+++ Given records +++

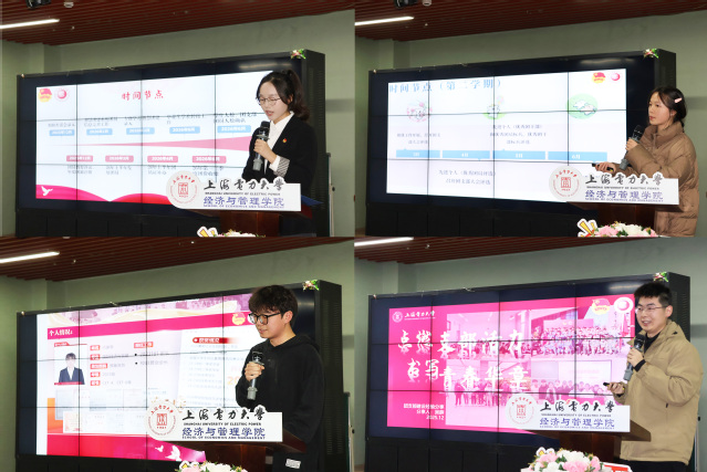 头雁领航分享会上,四位团学骨干作“头雁领航”主题发言:团务部负责人蔡淑婷剖析四大核心团务,呼吁团支书以责任心推动工作规范化;组织部联合负责人张宇婷梳理支部工作关键节点与流程,强化基层组织效能;2023181班班长何蒙恩分享三年班级建设经验及“十佳班长”心得;2022401班团支书吴薛结合创新案例,强调提升支部凝聚力与实践效能。
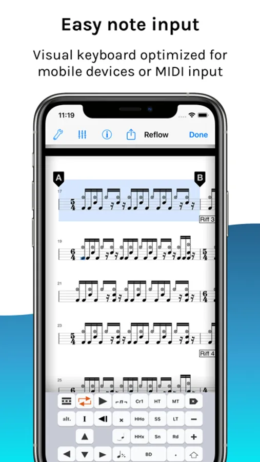 Reflow can be used to compose and practice any song for Guitar, Bass, Drums, Piano, Banjo, and many other instruments as long as it uses Standard Notation or Tablature.
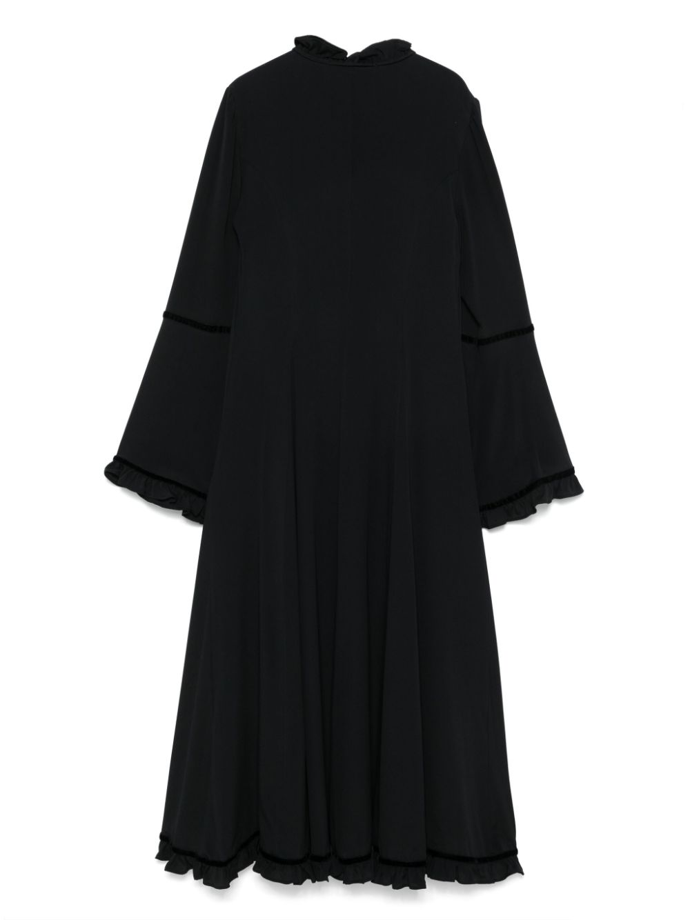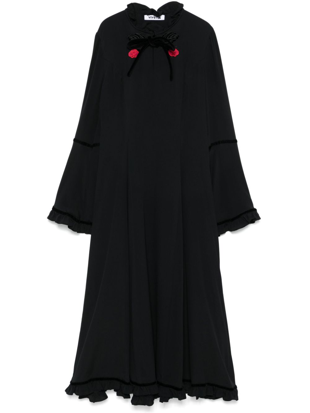 abito, crepe di chiffon, collo tondo con rouches, manica lunga svasata, chiusura con fiocco in velluto, rose ricamate a contrasto, fondo svasato, bordi con rouches composizione: 69% acetato 31% seta istruzioni per il lavaggio: lavare a mano
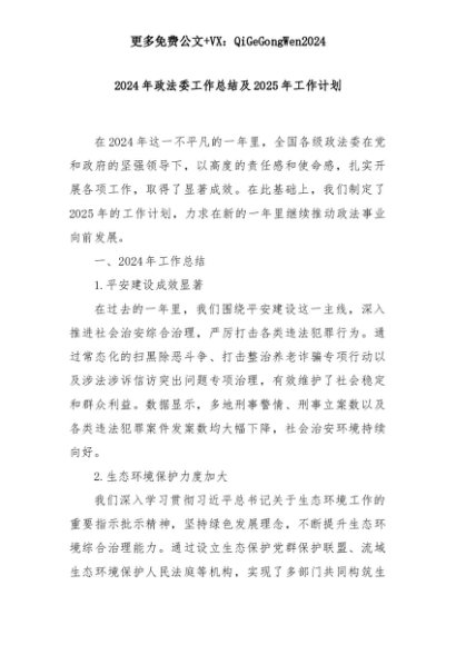 【七哥公文】2025年:2024年政法委工作总结及2025年工作计划+更多免费公文+VX:QiGeGongWen2024+更多免费公文+VX:QiGeGongWen2024
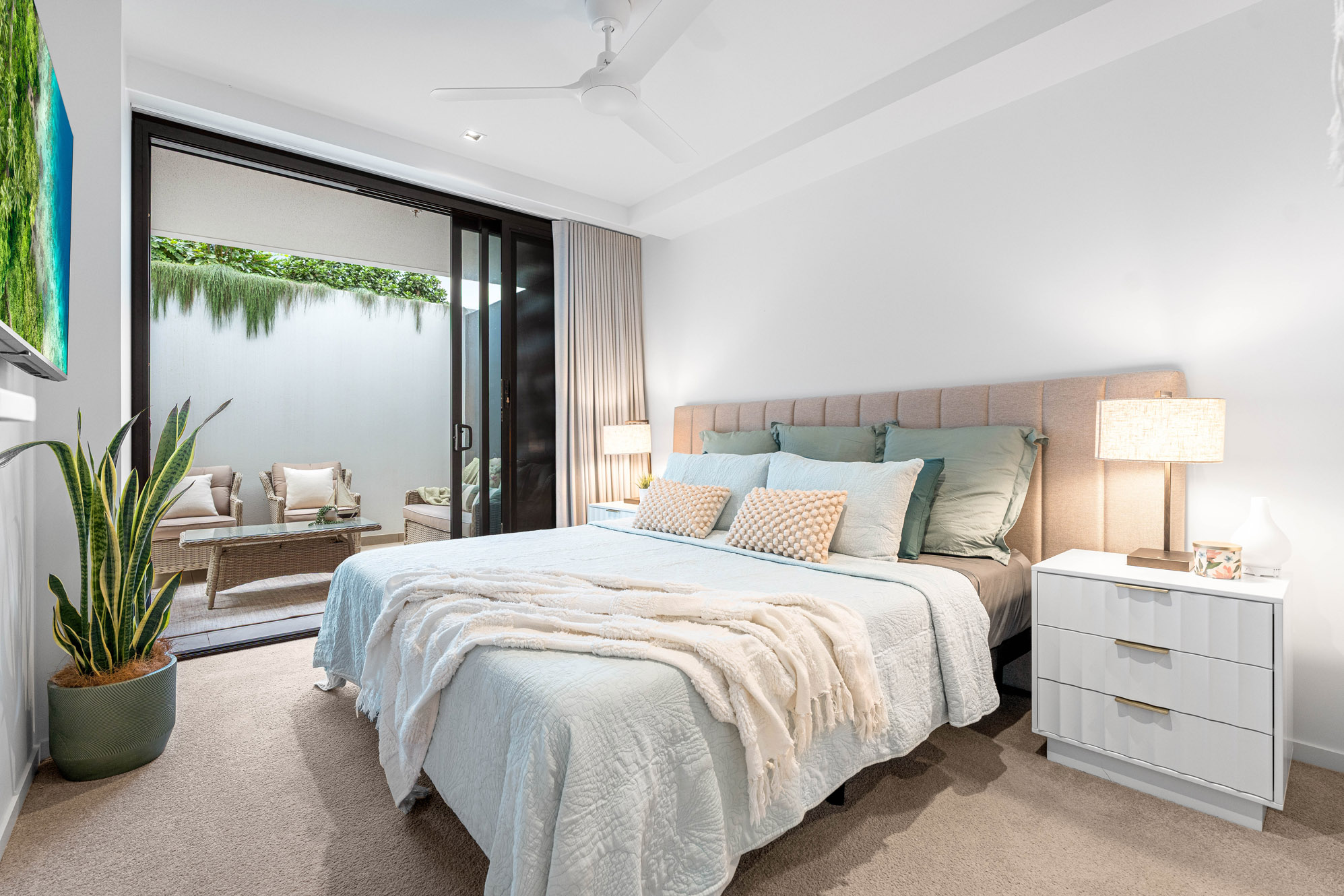 Step into a rare level of apartment living at Apartment 101 in the Catalina, Wynnum’s benchmark for design, lifestyle, and location. Set in an exclusive complex completed in 2024, this ground-floor residence blends generous indoor living with an expansive private courtyard and garden, offering the space of a house with the ease of apartment living.

+++

Action item:
Pictures do not belong in the copy. Please reproduce the entries above exactly otherwise.

Response to the exercise:
 头雁领航分享会上,四位团学骨干作“头雁领航”主题发言:团务部负责人蔡淑婷剖析四大核心团务,呼吁团支书以责任心推动工作规范化;组织部联合负责人张宇婷梳理支部工作关键节点与流程,强化基层组织效能;2023181班班长何蒙恩分享三年班级建设经验及“十佳班长”心得;2022401班团支书吴薛结合创新案例,强调提升支部凝聚力与实践效能。
 Reflow can be used to compose and practice any song for Guitar, Bass, Drums, Piano, Banjo, and many other instruments as long as it uses Standard Notation or Tablature.
 abito, crepe di chiffon, collo tondo con rouches, manica lunga svasata, chiusura con fiocco in velluto, rose ricamate a contrasto, fondo svasato, bordi con rouches composizione: 69% acetato 31% seta istruzioni per il lavaggio: lavare a mano
 【七哥公文】2025年:2024年政法委工作总结及2025年工作计划+更多免费公文+VX:QiGeGongWen2024+更多免费公文+VX:QiGeGongWen2024
 Step into a rare level of apartment living at Apartment 101 in the Catalina, Wynnum’s benchmark for design, lifestyle, and location. Set in an exclusive complex completed in 2024, this ground-floor residence blends generous indoor living with an expansive private courtyard and garden, offering the space of a house with the ease of apartment living.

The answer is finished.